Fazlun Khalid Shows How Environmentalism Is Intrinsic To Islam
By Meara Sharma
Religion Unplugged
February 20, 2021
A scholar and activist, Fazlun Khalid has for decades worked to both raise environmental consciousness among Muslims as well as demonstrate, more broadly, the inherently ecological nature of Islam, and the environmental worldview it espouses. In 1994, he founded the Islamic Foundation for Ecology and Environmental Sciences (IFEES), an organization that gathers and interprets Islamic texts that pertain to ecology and formulates educational and conservation projects based on such principles. He has overseen transformational initiatives in Tanzania, Saudi Arabia, Madagascar, Indonesia and elsewhere, and has lectured on Islamic environmentalism at places like the United Nations, Davos and the Vatican, work that has earned him numerous accolades. Nova Science deemed him “the single most active Islamic environmentalist alive today.”

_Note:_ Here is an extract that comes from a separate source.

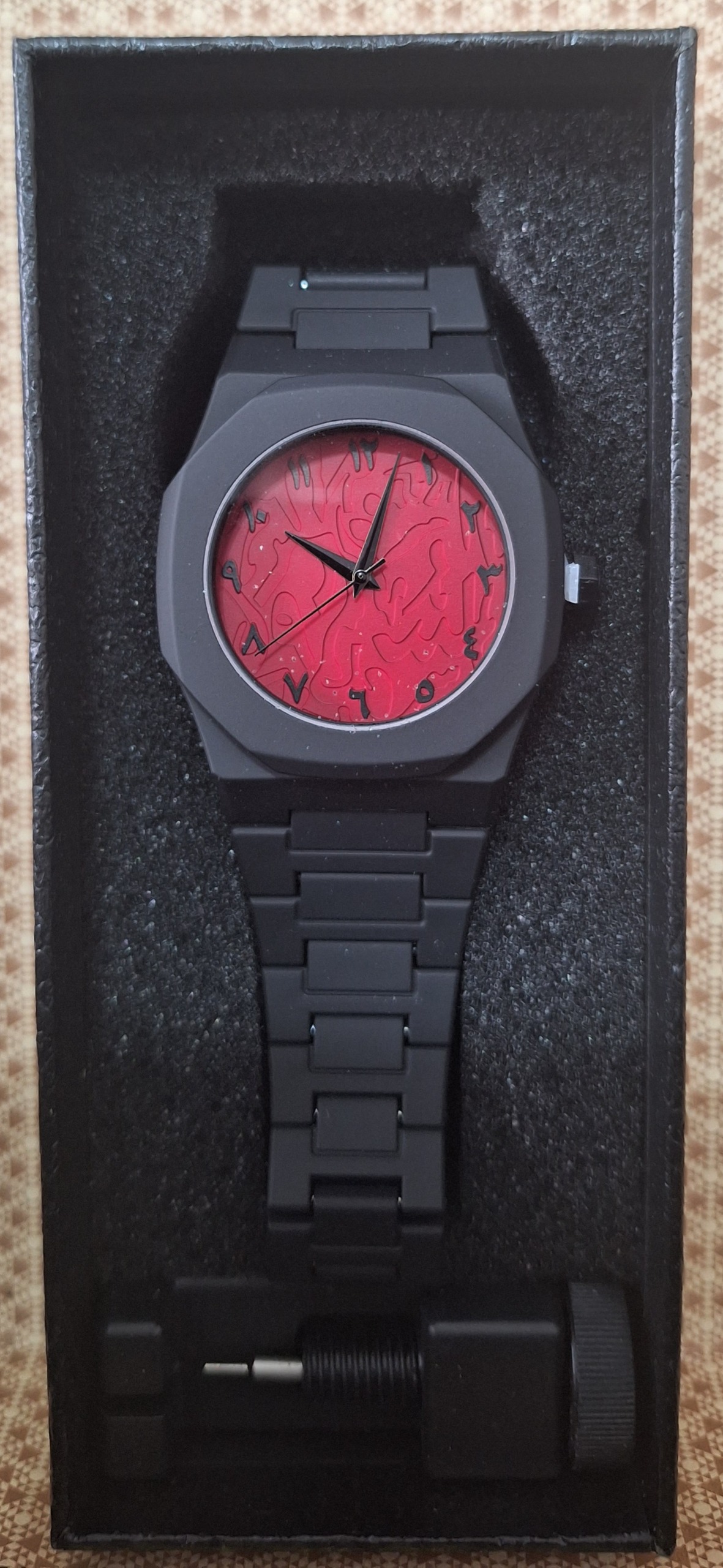 در جعبهای شیک و مجهز به ابزار تنظیم بند، آماده برای هدیه دادن یا استفادهی شخصی.

“The ethos of Islam is that it integrates belief with a code of conduct which pays heed to the essence of the natural world,” he writes in his book, Signs On the Earth: Islam, Modernity, and the Climate Crisis, published in 2019. Embedded throughout the Quran, he explains, are notions of conservation, balance, and a sense of responsibility toward the ecosystems we inhabit, even though the modern, secular notion of “environmentalism” doesn’t explicitly appear. “[Islam] proves a holistic approach to existence,” he writes. “It does not differentiate between the sacred and the secular, and neither does it place a distinction between the world of humankind and the world of nature.”